» DATA FOR THIS TASK:
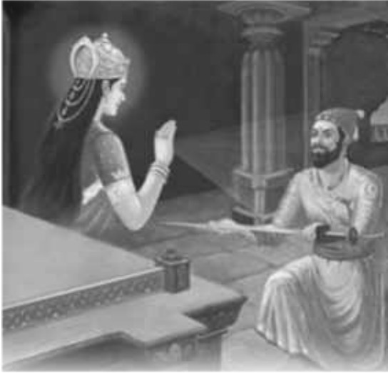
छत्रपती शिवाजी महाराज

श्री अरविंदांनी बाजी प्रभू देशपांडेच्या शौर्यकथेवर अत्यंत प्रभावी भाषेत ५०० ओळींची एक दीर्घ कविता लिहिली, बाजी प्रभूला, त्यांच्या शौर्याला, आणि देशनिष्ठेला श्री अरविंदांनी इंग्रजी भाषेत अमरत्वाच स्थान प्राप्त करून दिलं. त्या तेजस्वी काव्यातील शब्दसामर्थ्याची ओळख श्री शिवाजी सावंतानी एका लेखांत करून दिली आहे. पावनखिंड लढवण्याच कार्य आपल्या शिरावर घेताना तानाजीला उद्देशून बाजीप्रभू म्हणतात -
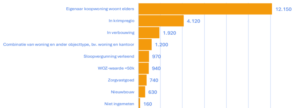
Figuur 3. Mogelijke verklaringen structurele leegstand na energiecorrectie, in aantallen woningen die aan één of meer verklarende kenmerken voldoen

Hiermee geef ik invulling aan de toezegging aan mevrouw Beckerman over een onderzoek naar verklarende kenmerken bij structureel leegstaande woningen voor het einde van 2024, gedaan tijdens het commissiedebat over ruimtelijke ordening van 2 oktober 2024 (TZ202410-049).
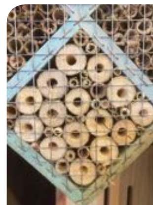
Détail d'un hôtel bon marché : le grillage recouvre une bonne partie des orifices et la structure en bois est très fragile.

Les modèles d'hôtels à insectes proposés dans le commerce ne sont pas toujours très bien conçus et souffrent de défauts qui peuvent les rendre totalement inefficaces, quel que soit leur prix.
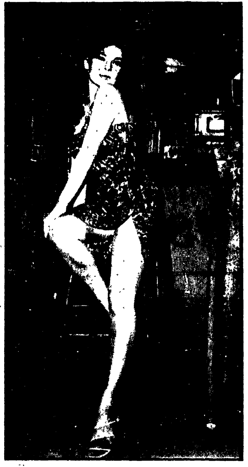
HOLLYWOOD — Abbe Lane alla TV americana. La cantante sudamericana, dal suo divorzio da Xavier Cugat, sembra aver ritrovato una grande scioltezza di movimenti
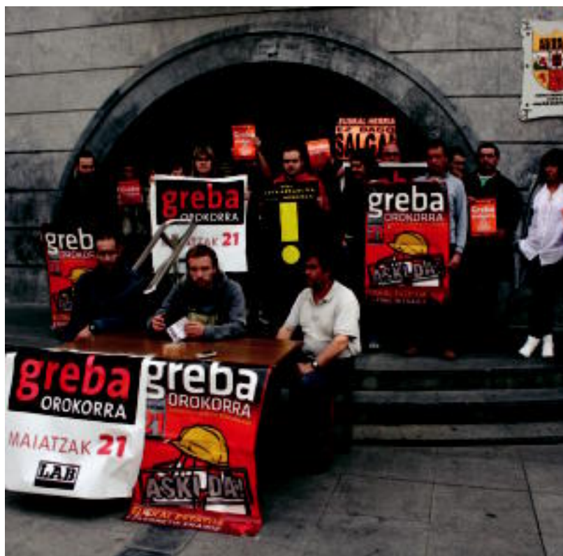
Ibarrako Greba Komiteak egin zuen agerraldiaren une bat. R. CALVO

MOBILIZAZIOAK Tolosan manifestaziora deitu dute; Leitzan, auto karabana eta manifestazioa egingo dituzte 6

» EXERCISE GOAL: Render the records above word for word and leave the pictures out.

» COMPLETED EXERCISE:
छत्रपती शिवाजी महाराज

श्री अरविंदांनी बाजी प्रभू देशपांडेच्या शौर्यकथेवर अत्यंत प्रभावी भाषेत ५०० ओळींची एक दीर्घ कविता लिहिली, बाजी प्रभूला, त्यांच्या शौर्याला, आणि देशनिष्ठेला श्री अरविंदांनी इंग्रजी भाषेत अमरत्वाच स्थान प्राप्त करून दिलं. त्या तेजस्वी काव्यातील शब्दसामर्थ्याची ओळख श्री शिवाजी सावंतानी एका लेखांत करून दिली आहे. पावनखिंड लढवण्याच कार्य आपल्या शिरावर घेताना तानाजीला उद्देशून बाजीप्रभू म्हणतात -
Figuur 3. Mogelijke verklaringen structurele leegstand na energiecorrectie, in aantallen woningen die aan één of meer verklarende kenmerken voldoen

Hiermee geef ik invulling aan de toezegging aan mevrouw Beckerman over een onderzoek naar verklarende kenmerken bij structureel leegstaande woningen voor het einde van 2024, gedaan tijdens het commissiedebat over ruimtelijke ordening van 2 oktober 2024 (TZ202410-049).
Détail d'un hôtel bon marché : le grillage recouvre une bonne partie des orifices et la structure en bois est très fragile.

Les modèles d'hôtels à insectes proposés dans le commerce ne sont pas toujours très bien conçus et souffrent de défauts qui peuvent les rendre totalement inefficaces, quel que soit leur prix.
HOLLYWOOD — Abbe Lane alla TV americana. La cantante sudamericana, dal suo divorzio da Xavier Cugat, sembra aver ritrovato una grande scioltezza di movimenti
Ibarrako Greba Komiteak egin zuen agerraldiaren une bat. R. CALVO

MOBILIZAZIOAK Tolosan manifestaziora deitu dute; Leitzan, auto karabana eta manifestazioa egingo dituzte 6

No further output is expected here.